We’ll start with a few examples:

0
10,349
896
921,334,234,250,100

Now we’ll build the expression, left to right.


We always start with a digit.

[0-9]

That makes some progress on the examples, which I’ll note with a below:

0█
1█0,349
8█96
9█21,334,234,250,100

Next we appear to have another digit, but not always. We can express that as a maybe:

[0-9]([0-9])?

That makes some more progress on the examples:

0█
10█,349
89█6
92█1,334,234,250,100

The parentheses are not needed in this case since all that was inside was a character class; we could just have correctly written

[0-9][0-9]?

We again have an optional digit: some do, some don’t. We could also say we have an optional comma, but since we can see commas waiting after a digit in one example, we’ll handle the digit first in hopes the comma will be able to be handled all at once:

[0-9][0-9]?[0-9]?

That makes some more progress on the examples:

0█
10█,349
896█
921█,334,234,250,100

Now, we are either done or we have a comma. But, if we have a comma we always have three digits following the comma. A comma followed by three digits is

,[0-9][0-9][0-9]

and we might have zero or more of those, so we put it inside a ()*, like so:

[0-9][0-9]?[0-9]?(,[0-9][0-9][0-9])*

That makes some more progress on the examples:

0█
10,349█
896█
921,334,234,250,100█

We appear to be done!

4.2 Double-quoted strings

Suppose we want to find all the double-quoted strings in a .py file. Some good examples include:

""
"hi"
"say \"hi\" to the visitors, please"

Some bad examples include:

"
hi
"say \\"hi\" to the visitors, please"

It looks like we always start with a quote

"

which updates our example inputs to

good:
    "█"
    "█hi"
    "█say \"hi\" to the visitors, please"
bad:
    "█
    hi
    "█say \\"hi\" to the visitors, please"
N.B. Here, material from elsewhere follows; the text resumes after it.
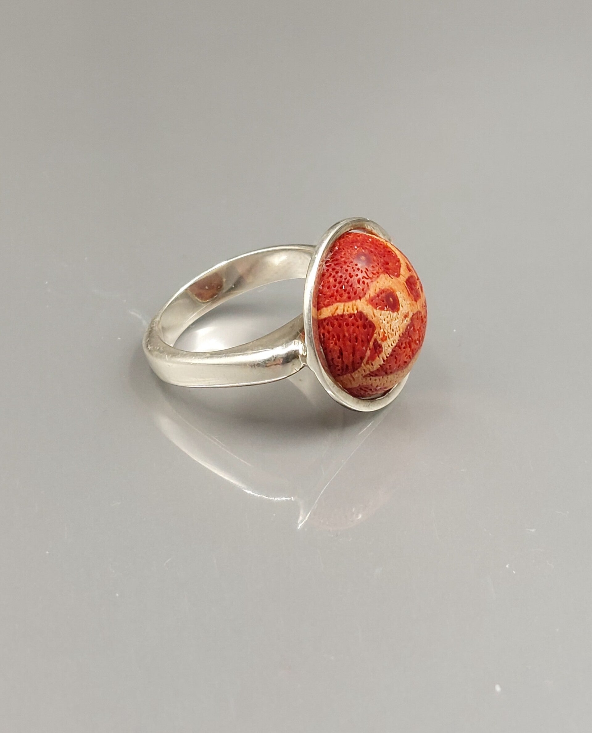 Zilveren ring met schuimkoraal
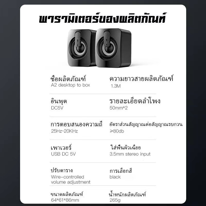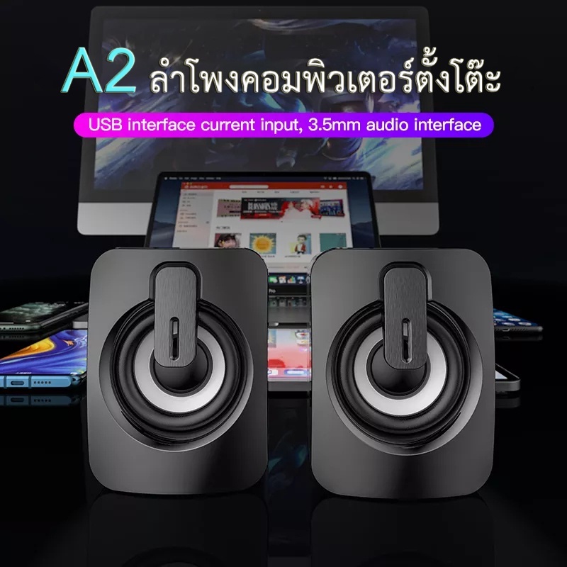 ลำโพงคอม ลําโพงคอมพิวเตอร์ speaker ลําโพงสเตอริโอ ลำโพงตั้งโต๊ะ สําหรับคอมพิวเตอร์ตั้งโต๊ะ รุ่น A2

Next, we might have zero or more characters within the string

"()*

In-string characters can be almost anything, but \\ and " are special and new-lines cannot appear at all. As usual when some are special we’ll use a | to handle the main cases:

"([^\\"\n]|)*

which updates our example inputs to

good:
    "█"
    "hi█"
    "say █\"hi\" to the visitors, please"
bad:
    "█
    hi
    "say █\\"hi\" to the visitors, please"
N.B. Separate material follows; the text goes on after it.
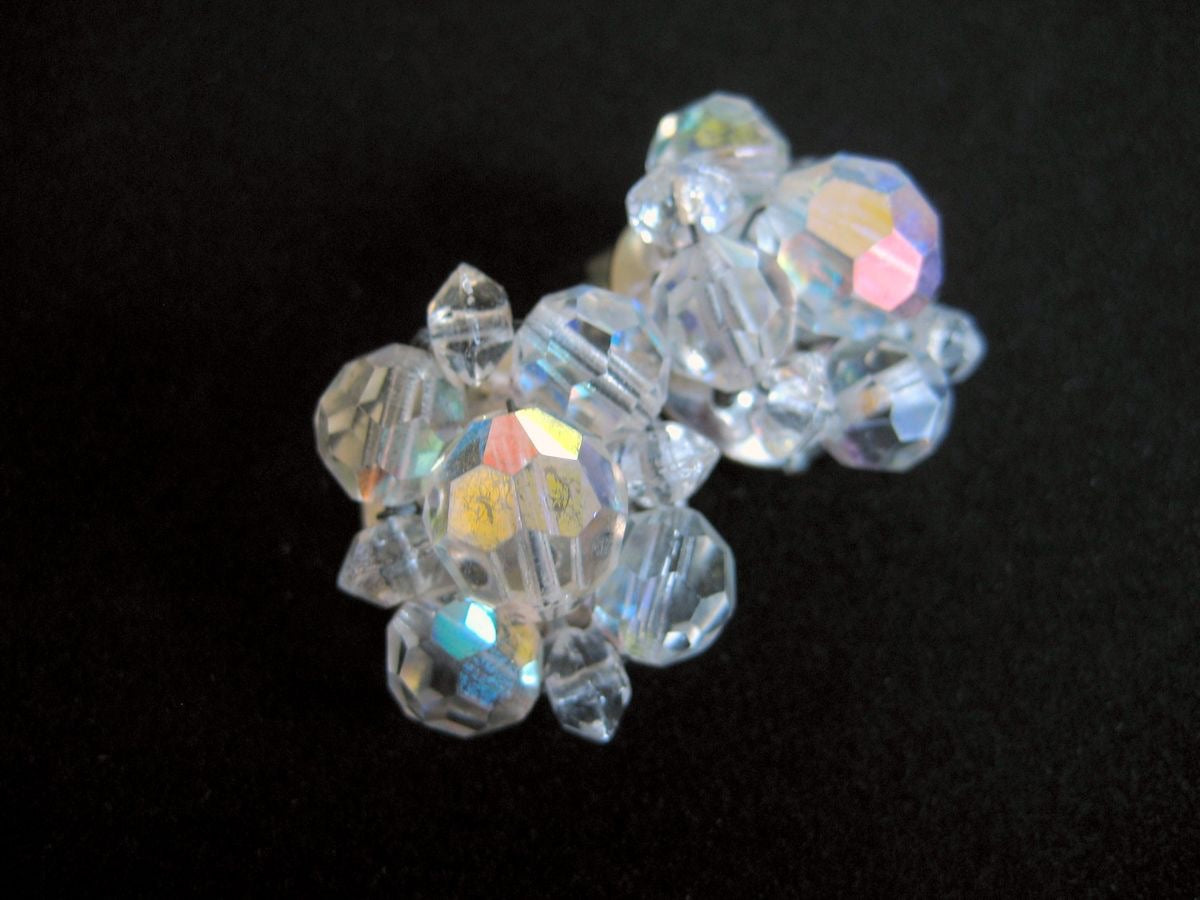 Vintage AB Crystal Cluster Earrings

Our examples are now waiting for a \\ or `". Since " should end the string, we’ll start with the \\.

It’s fine to see \\ in a string, but when we encounter a \\ the next character could be anything (even a " or new-line) without ending the string. That means we want \\.: back-slash anything.

"([^\\"\n]|\\.)*

which updates our example inputs to

good:
    "█"
    "hi█"
    "say \"hi\" to the visitors, please█"
bad:
    "█
    hi
    "say \\█"hi\" to the visitors, please"

The good examples now all end in a ":

"([^\\"\n]|\\.)*"

which updates our example inputs to

good:
    ""█
    "hi"█
    "say \"hi\" to the visitors, please"█
bad:
    "
    hi
    "say \\"█hi\" to the visitors, please"

And we’re done: we matched all the good examples and failed to match any of the bad ones.

Challenge: how would you extend this to match all Python strings, including 'these' and '''these'''?